Истоки герменевтики восходят к традиции античной культуры, в частности, к древнегреческой мифологии и даже еще раньше — к глубинам архаического миропонимания, где как раз и обнаруживаются предпосылки классической герменевтики, о которой мы будем размышлять сначала как об искусстве истолкования, затем как о теории истолкования, сопровождающей это искусство и, наконец, как о герменевтической философии. Термин “герменевтика” — (hermeneutike) — происходит от греческого hermeneuein, что значит: высказывать, выяснять, излагать, переводить; или же от слова hermeneia — объяснение, истолкование. Между тем, термин “объяснять” имеет несколько сходных, близких по смыслу значений: разъяснять, истолковывать, растолковывать, переводить, сообщать, т.е. доводить до понимания, делать понятным. Если исходить только из этого перечня слов, по сути своей, синонимичных, то можно утверждать, что под герменевтикой, “объясняющей”, “истолковывающей” что-либо, подразумевается умение сделать понятным любое сообщение, наделенное смыслом.

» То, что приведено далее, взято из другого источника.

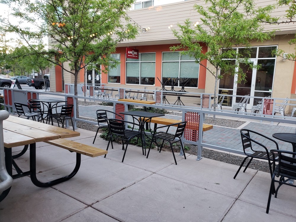 Amore will bring pizza across the pathway between the two businesses, in a very similar way to how it works between the Amore next to Santa Fe at Green Jeans, or how the two Slicer Parlor locations work with the neighboring Marble and Tractor taprooms in the Heights and Nob Hill, respectively. Justin said they will also work with other area restaurants and businesses, and make the taproom into an event location for people in the surrounding area.
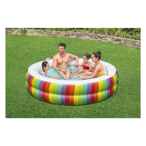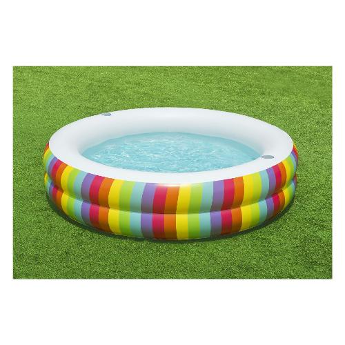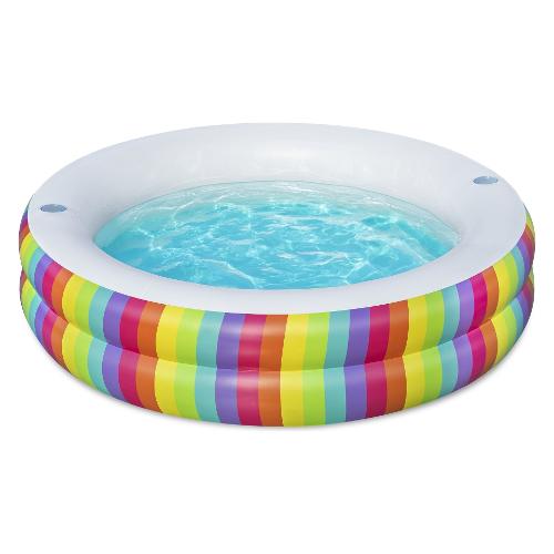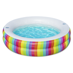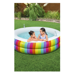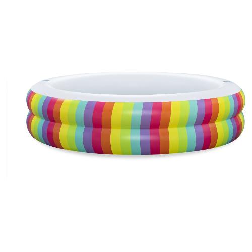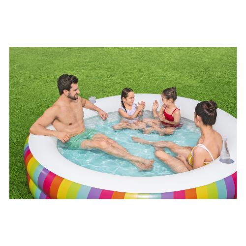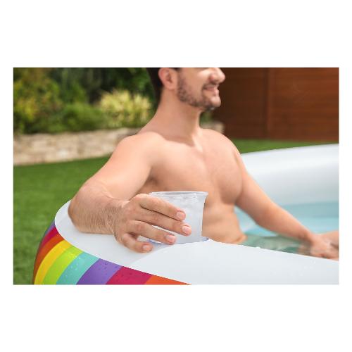 Scopri la piscina Bestway® Family Pool Rainbow Dreams™ e vivi momenti indimenticabili in acqua! Con dimensioni da gonfiata di Ø 206 x 51 cm, offre ampio spazio per puro divertimento in acqua. Grazie al resistente PVC e alle pareti laterali extra larghe, è durevole e stabile. Con un'impressionante capacità d'acqua di 632 litri, è perfetta per bambini dai 6 anni in su. Il vivace design arcobaleno aggiunge un tocco di colore e crea un'atmosfera allegra. Due portabicchieri ti permettono di gustare bevande rinfrescanti direttamente in piscina. La confezione include non solo la piscina stessa, ma anche una pratica toppa di riparazione per piccole forature.
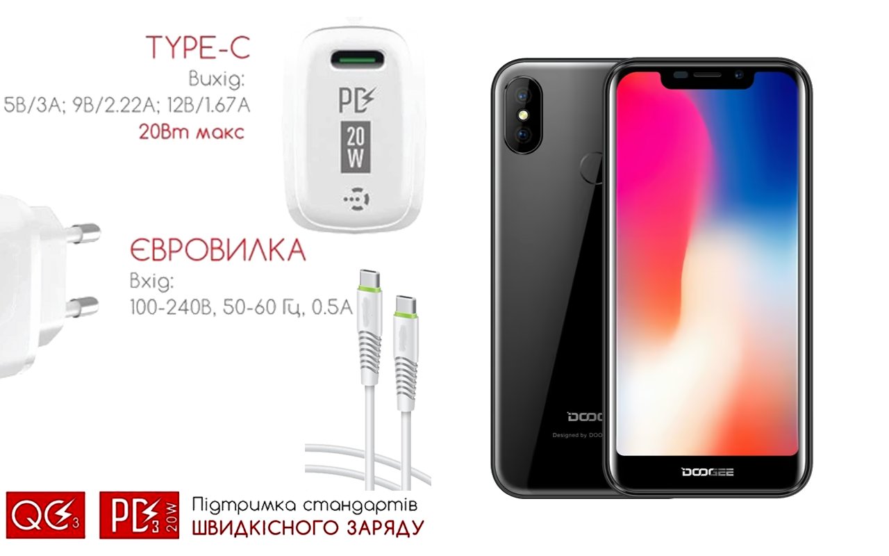 Quick Charger 20W 3A для смартфона DOOGEE X70, Швидка зарядка
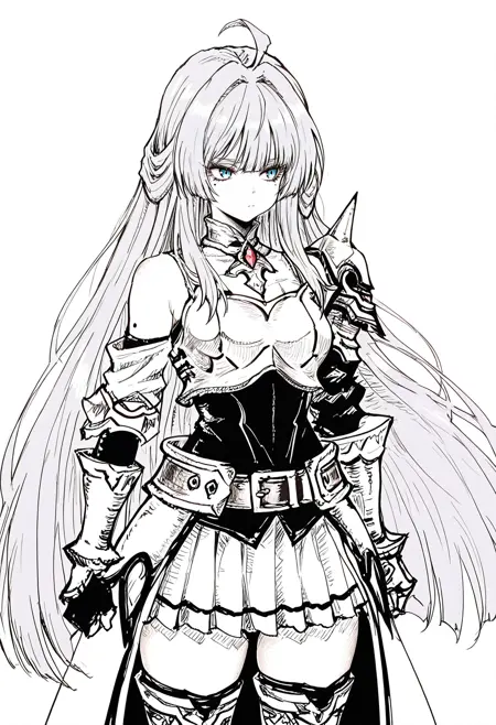 armor, skirt, thighhighs, detached sleeves, breastplate, belt, shoulder armor, gauntlets,
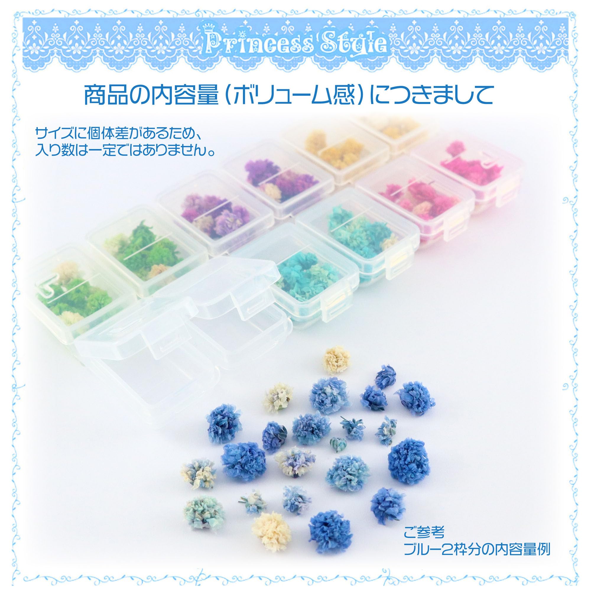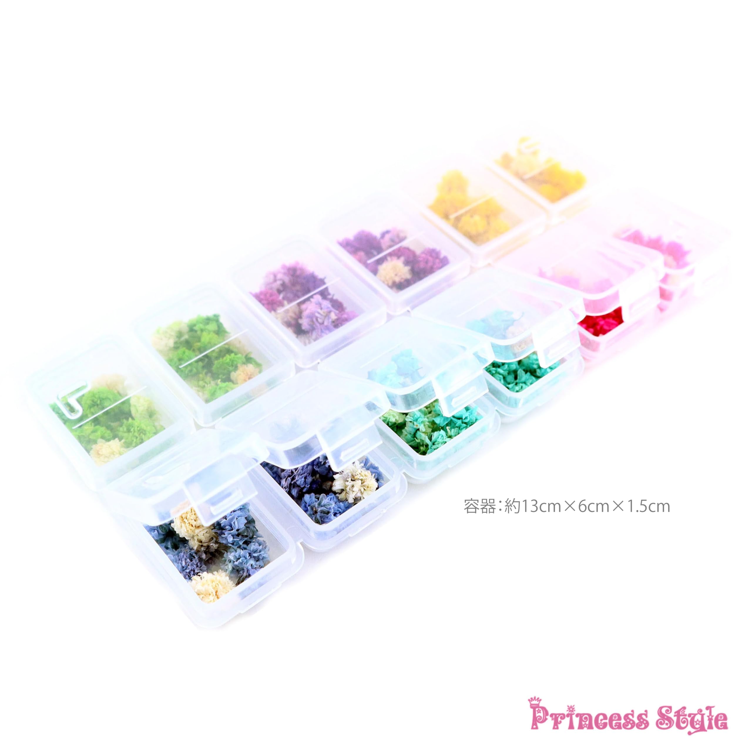 かすみ草 ドライフラワー 花頭 咲いた花 ネイル レジン 封入 素材 材料 花材 12マスケース入り 6色セット
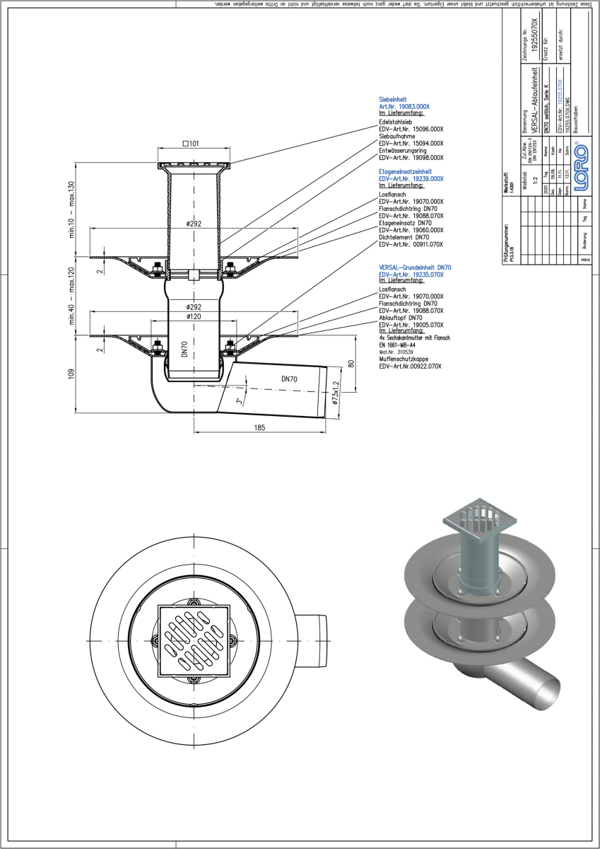 LORO-X VERSAL Balkonablauf, Serie K, zweiteilig ohne Wärmedämmung, Auslauf seitlich 3 Grad, mit Klemmflansch, nach DIN EN 1253 mit erhöhtem Qualitätsstandard gemäß RAL-Gütezeichen GZ-694, aus Edelstahl, bestehend aus Ablauftopf, Flanschdichtring, Losflansch, Dichtelement, Etageneinsatz (für Aufbauhöhe 40 - 120 mm), Flanschdichtring, Losflansch, Entwässerungsring, Siebaufnahme 100 x 100 mm (für Aufbauhöhe 10 - 130 mm), Edelstahlsieb, DN 70

На первый взгляд кажется, что герменевтика имеет отношение непосредственно к языку, к речи, к коммуникации; она связана с умением правильно (грамотно) говорить и ясно излагать свои мысли, с умением понимать и избегать недоразумений. Действительно, герменевтика имеет отношение к разного рода сообщениям и коммуникативным актам, но таким, сложное содержание которых не всегда может быть понято однозначно. Сложные или неоднозначные сообщения часто нуждаются в дополнительном их истолковании и разъяснении. Эти сообщения могут быть переданы текстуально; выражены в устной речи, в словах, или изложены каким-то иным способом, но так, чтобы содержание и смысл “текста” — будь то простое изъявление чьей-то воли, разъяснение какой-то сложной идеи, передача конкретной мысли или словесного символа были понятыми. Не случайно, по-видимому и то, что первоначально под “герменевтикой” как “hermлneutike techne” понимали искусство передачи и толкования скрытого содержания, заключенного в послании, в тексте или даже в иносказании.
Истолкованию могут подлежать все творения и все проявления человеческой духовной деятельности — общественный, исторический и психический мир. В самом общем смысле речь идет о понимании творений человека — текста, культуры, а косвенно и его самого. Это обстоятельство очевидным образом предполагает многообразие всевозможных герменевтик, которые должны как-то отличаться друг от друга, например тем, как осуществляется процедура истолкования. Гипотетически они отличаются предметом и, соответственно, методом проведения истолкования. Различия между герменевтиками прежде всего концептуальные. Они вызваны предметом истолкования, способом понимания “текста”, поставленными вопросами, методами истолкования и понимания, а также онтологическими и эпистемологическим основаниями.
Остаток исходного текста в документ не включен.